▶ Description of the task
Every line from the start of the data through the line containing "Acacia Wood X-Back" should be retyped exactly; the pictures should not.

Extracted information Block Start

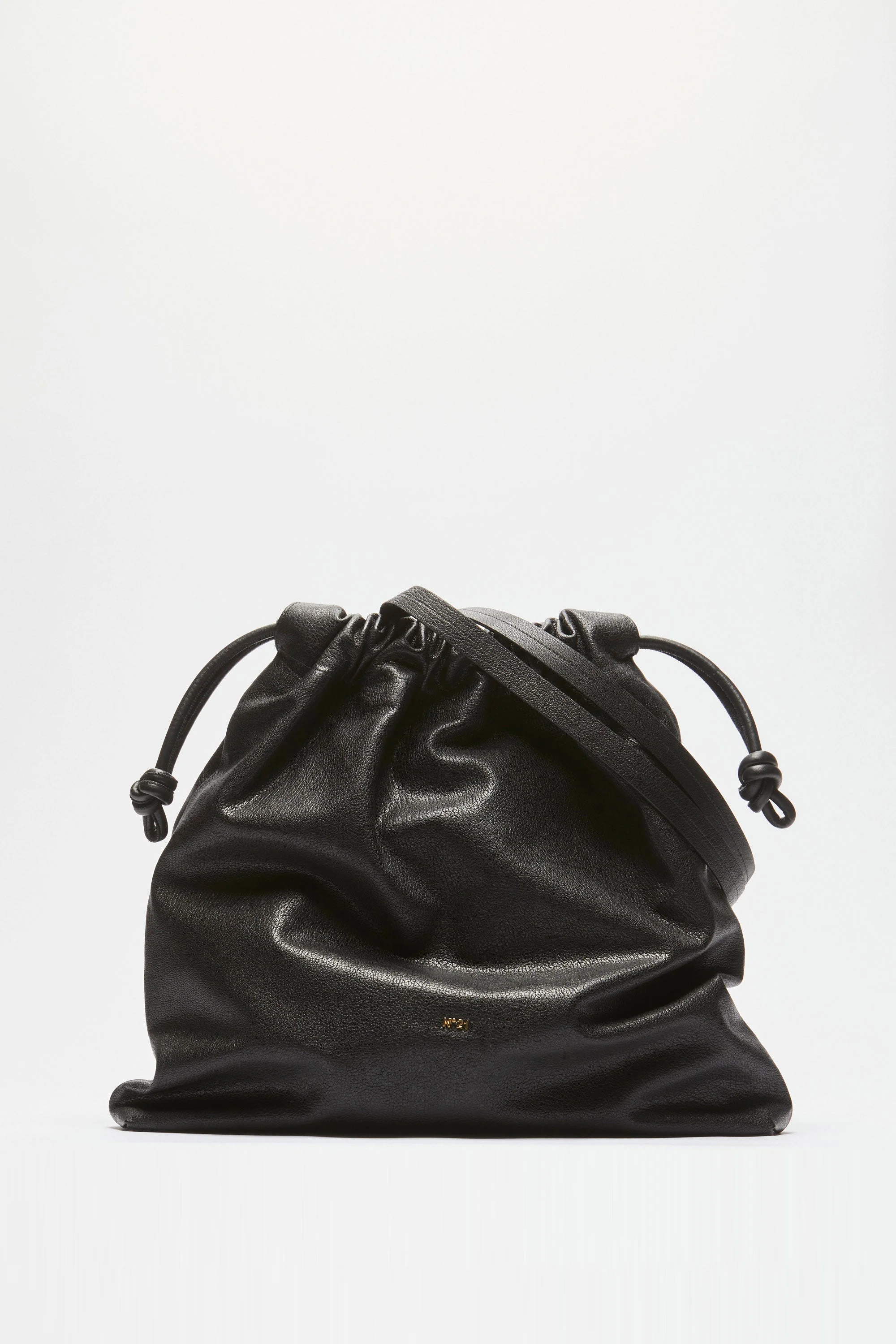 The Eva pochette bag is made of soft black leather with a smooth finish. It features a drawstring closure with two thin laces and long handles for shoulder carry. Its soft, roomy shape makes it ideal for conveniently carrying personal items. The simple structure is enhanced by a small, discreet metal applique on the front. DETAILS Color: Black External composition: 100% CALF LEATHER Product Code: 25IBP0988PR01N001 Made in Italy SIZE AND VESTIBILITY Measurements: 40x42x8
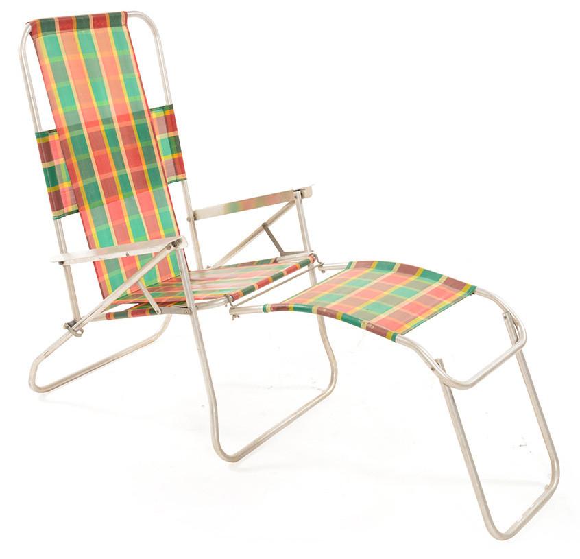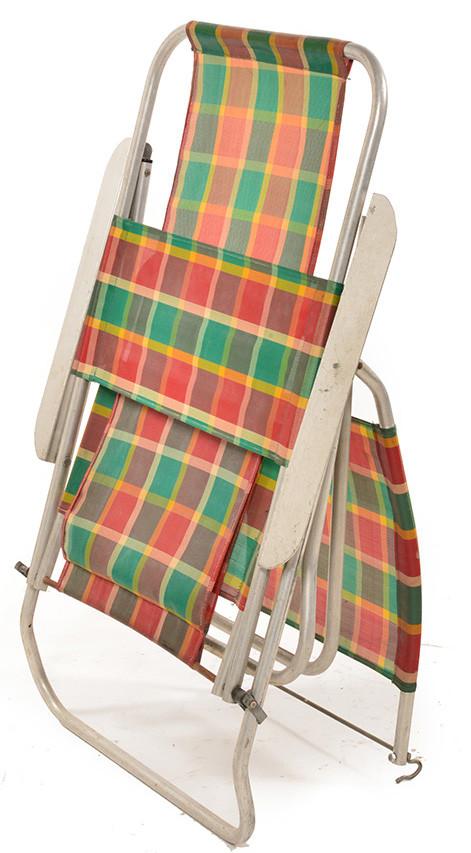 Blue White & Red Folding Vintage Chaise Lawn Chair
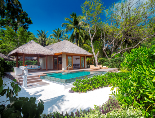 这些独特的套房蜿蜒穿过茂密的树叶,拥有木地板和高高的天花板,采用传统的马尔代夫设计概念。毗邻的休息室设有55英寸电视,可收看电影和互联网,还有一张舒适的沙发供客人放松身心。滑动玻璃门通向宽敞的木质甲板,非常适合在19英尺x 10英尺长的游泳池旁边的星空下享受日光浴或私人用餐(带冷热按摩浴缸),装饰有光纤灯,在晚上营造出神奇的氛围。
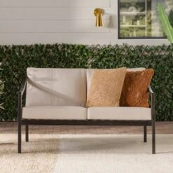 Acacia Wood X-Back Love Seat With Cushions Brown – Saracina Home
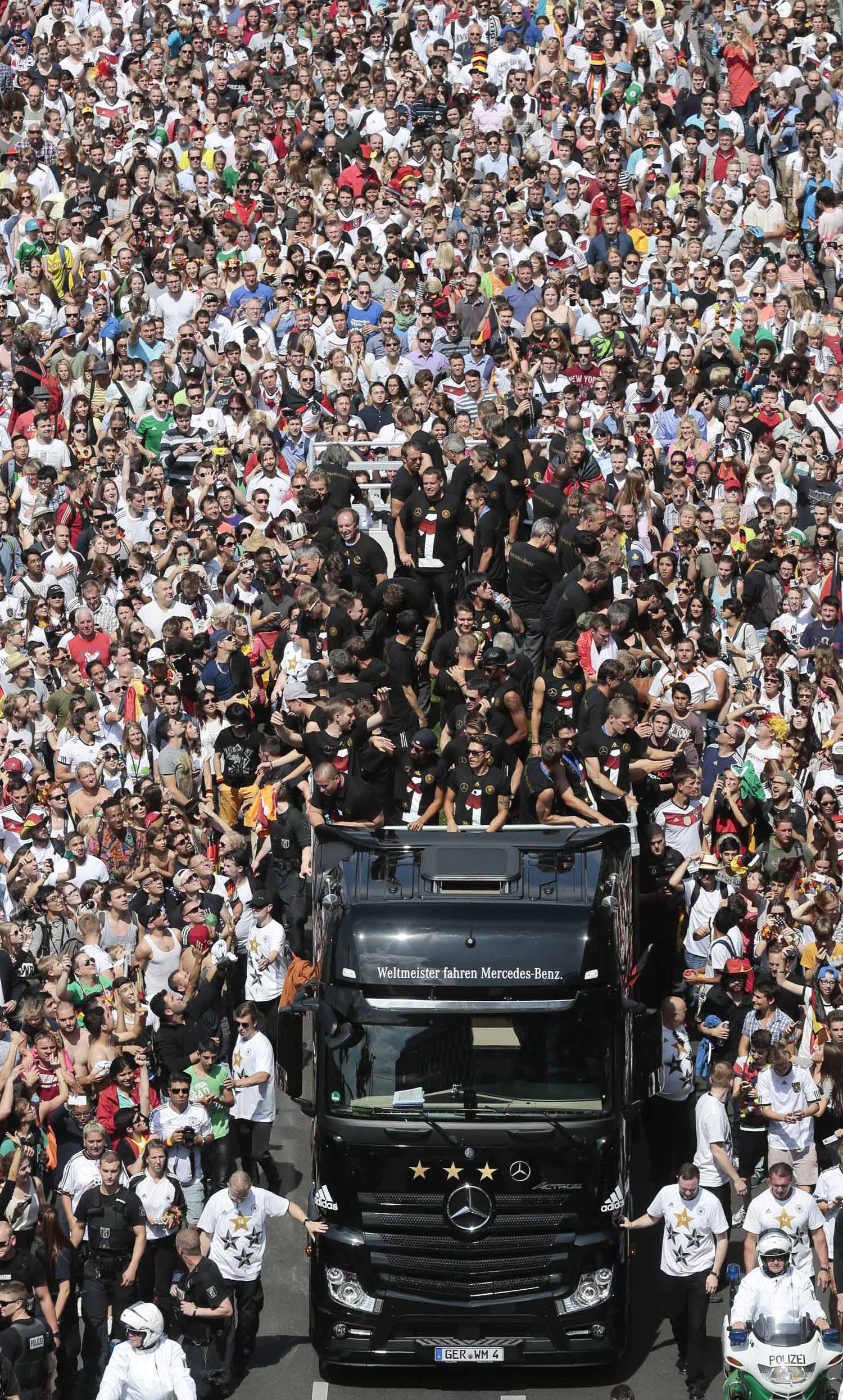 10Historischer Augenblick: Eine Million Menschen empfangen die Weltmeister in Berlin, davon jeder zweite auf der Fanmeile. Foto: Michael Kappeler, dpa

Extracted information Block End

▶ Expected answer
 The Eva pochette bag is made of soft black leather with a smooth finish. It features a drawstring closure with two thin laces and long handles for shoulder carry. Its soft, roomy shape makes it ideal for conveniently carrying personal items. The simple structure is enhanced by a small, discreet metal applique on the front. DETAILS Color: Black External composition: 100% CALF LEATHER Product Code: 25IBP0988PR01N001 Made in Italy SIZE AND VESTIBILITY Measurements: 40x42x8
 Blue White & Red Folding Vintage Chaise Lawn Chair
 这些独特的套房蜿蜒穿过茂密的树叶,拥有木地板和高高的天花板,采用传统的马尔代夫设计概念。毗邻的休息室设有55英寸电视,可收看电影和互联网,还有一张舒适的沙发供客人放松身心。滑动玻璃门通向宽敞的木质甲板,非常适合在19英尺x 10英尺长的游泳池旁边的星空下享受日光浴或私人用餐(带冷热按摩浴缸),装饰有光纤灯,在晚上营造出神奇的氛围。
 Acacia Wood X-Back Love Seat With Cushions Brown – Saracina Home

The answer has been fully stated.